Então cada homilia feita, cada palavra pronunciada, até uma simples pergunta se o “nosso coração está em paz” nos toca na alma. Para o encontro com Deus parece-nos que essa seja a primeira condição. É preciso estarmos em paz. É preciso viajar leve pela vida. É preciso vivenciar a mansidão evangélica, característica do cristão.
Mas a trilha também nos retira da zona de conforto. Muitos acham que basta entrar no trem, sentar nos bancos, fechar os olhos para tudo, e esperar chegar ao final. Mas o que Francisco nos propõe é que saiamos dessa zona de conforto. Então vai sentir calor ou frio, vai suar, vai poder pisar na lama, poderá até escorregar. Somente nas trilhas podemos encontrar-nos em nossa casa comum. Então iremos encontrar rios caudalosos. E também pequenos córregos. E vamos perceber que para atravessar teremos que construir pontes. Passar para o outro lado exige esse esforço. E sozinho não vamos construir nem uma pinguela, quanto mais uma ponte. Vamos juntos dando-nos as mãos nas diversas travessias.

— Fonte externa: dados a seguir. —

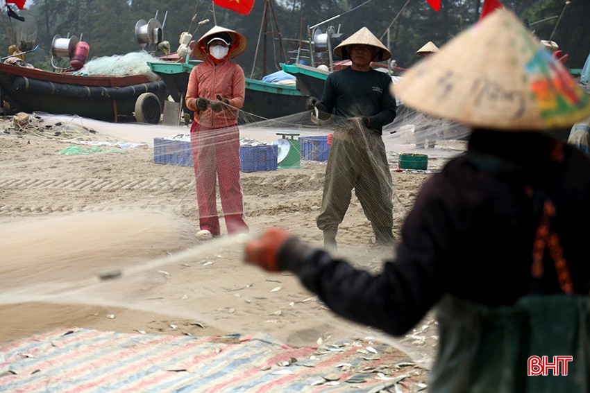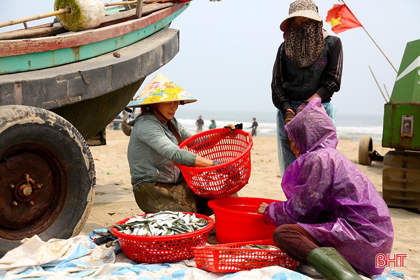 Vào mùa cá trích (bắt đầu từ cuối tháng 2), vùng biển xã Xuân Yên, Nghi Xuân luôn tấp nập tàu thuyền ra khơi.Tàu thuyền cập bến mang theo những mẻ lưới nặng cùng niềm phấn khởi của bà con ngư dân.Ngư dân Nguyễn Văn Chiến, thôn Yên Ngư cho biết: “Cá trích sống cách bờ chừng 3 – 5 hải lý, thường bơi trên mặt nước theo đàn. Tùy theo thời tiết, ngư dân sẽ ra khơi vào 3 – 4 giờ sáng, đến khoảng 9 – 10 giờ cùng ngày thì trở về”.Để rũ cá ra khỏi lưới, chủ thuyền huy động 4 – 5 người cùng tiến hành công việc.Những con cá rơi xuống bạt được người dân thu gom.Theo bà con ngư dân, hiện đã vào giữa mùa đánh bắt cá trích. So với các vùng biển khác trong tỉnh, thời điểm này, vùng biển Nghi Xuân đang có sản lượng đánh bắt khá lớn. Trung bình mỗi tàu vươn khơi mang về từ 1 – 2 tạ cá, có khi 5 – 6 tạ.“Chuyến đi biển lần này may mắn trúng luồng cá trích với gần 6 tạ cá, trừ chi phí khoảng 300 nghìn đồng, thuyền của tôi thu về hơn 5 triệu đồng. Mong thời tiết thuận lợi để bà con tiếp tục ra khơi mang về nhiều lộc biển” – ngư dân Trần Văn Tuẩn, thôn Yên Ngư chia sẻ.Từ sáng sớm, thương lái đã có mặt để “đón lõng” đoàn thuyền trở về. Mỗi kg cá trích hiện được bán với giá từ 10.000 – 12.000 đồng.Những con cá trích tươi ngon được rửa sạch bằng nước biển sau đó “tuyển lựa” để đem ra chợ bán lẻ hoặc nhập cho các cơ sở chế biến nước mắm trên địa bàn.Niềm vui của bà con ngư dân Xuân Yên khi vào vụ đánh bắt cá trích.Thông thường, mùa cá trích sẽ kéo dài cho đến hết tháng 4. Bởi vậy, sau mỗi chuyến biển trở về, bà con ngư dân lại nhanh chóng chuẩn bị ngư lưới cụ, tích cực ra khơi bám biển.
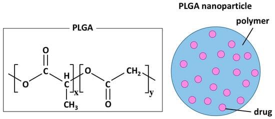 Nano-DDS can be composed of a variety of materials and structures, including micelles, liposomes, dendrimers, and polymers [,]. Polymeric nanospheres are formed by the assembly of macromolecular polymers and can contain hydrophilic and hydrophobic therapeutic agents. Two polymers, polylactide (PLA) and poly (lactide-co-glycolic acid) (PLGA), are used for the synthesis of FDA-approved polymeric biodegradable nano-DDS (Figure 2) [].
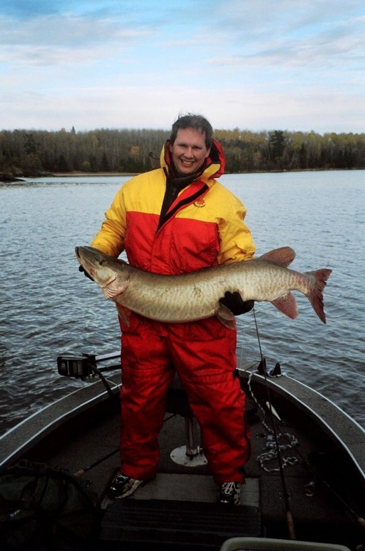 Location: Breezy Point, MN | Here's a few fish caught on November Fourth, I took them in about the span of thirty minutes apart. Mine ate a 9" Suick (41 incher) and a jointed Depthraider (42 1/2 incher) that rainy November day. I kept thinking of the song "Cold November Rain" by Guns and Roses out there! Ed, my partner, caught his 36 incher on a Baby Depthraider. You can really see the rain coming down is his picture. It was chilly and wet for sure, but we caught three fish that day so we had a blast!
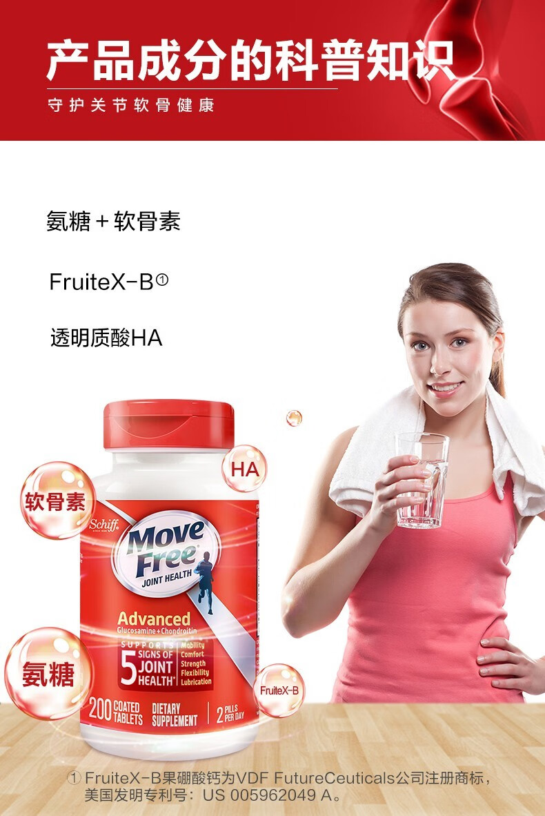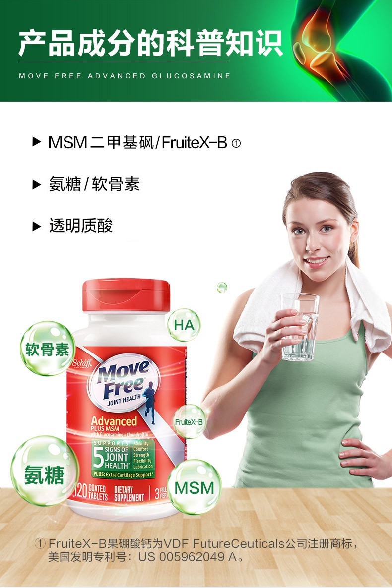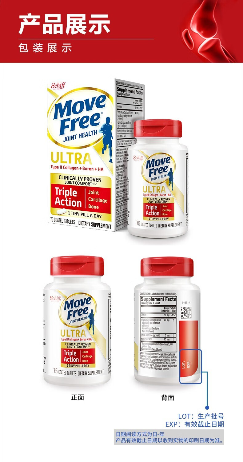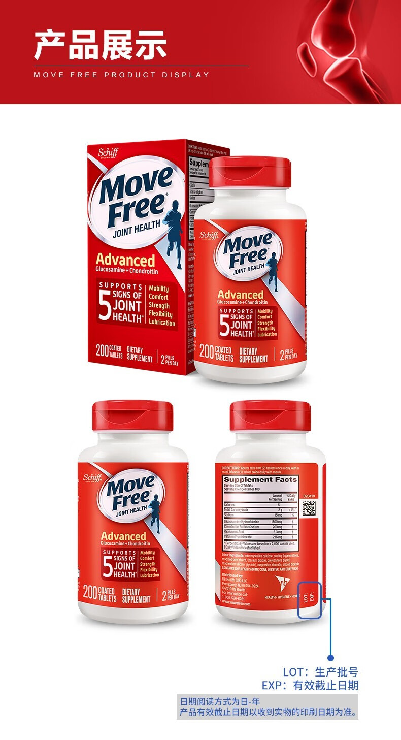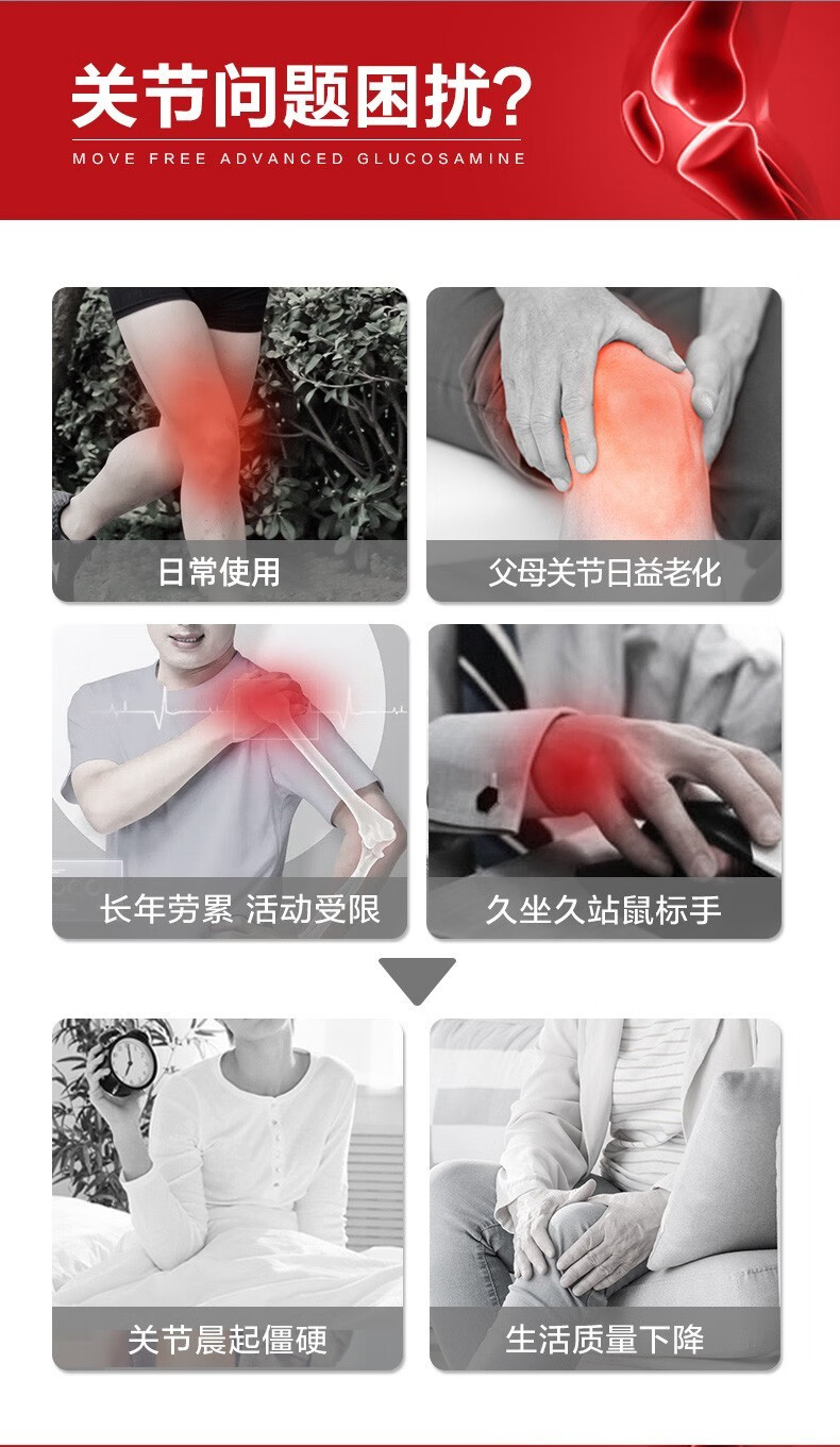 Move Free益节 维骨力氨糖软骨素钙片含MSM成人中老年人 术后修复+补钙

Por fim, Francisco concretiza um caminho que desde o Concílio Vaticano II é apontado e seu antecessor, Bento XVI, registrou de forma brilhante em sua primeira Encíclica Deus caritas est. Deus é amor e “só o amor é digno de fé”, conforme nos falam os evangelistas. O percurso em trilhas demonstra sua forma de entender a vida e a fé, na simplicidade, na bondade, na solidariedade. A reviravolta que Francisco está dando na Igreja está apoiada no grande Catecismo que é o Concílio Vaticano II, que coloca a Igreja na concretude de ser a “luz do mundo”. Como nos diz São João: “Se vocês tiverem amor uns para com os outros, todos reconhecerão que vocês são meus discípulos”.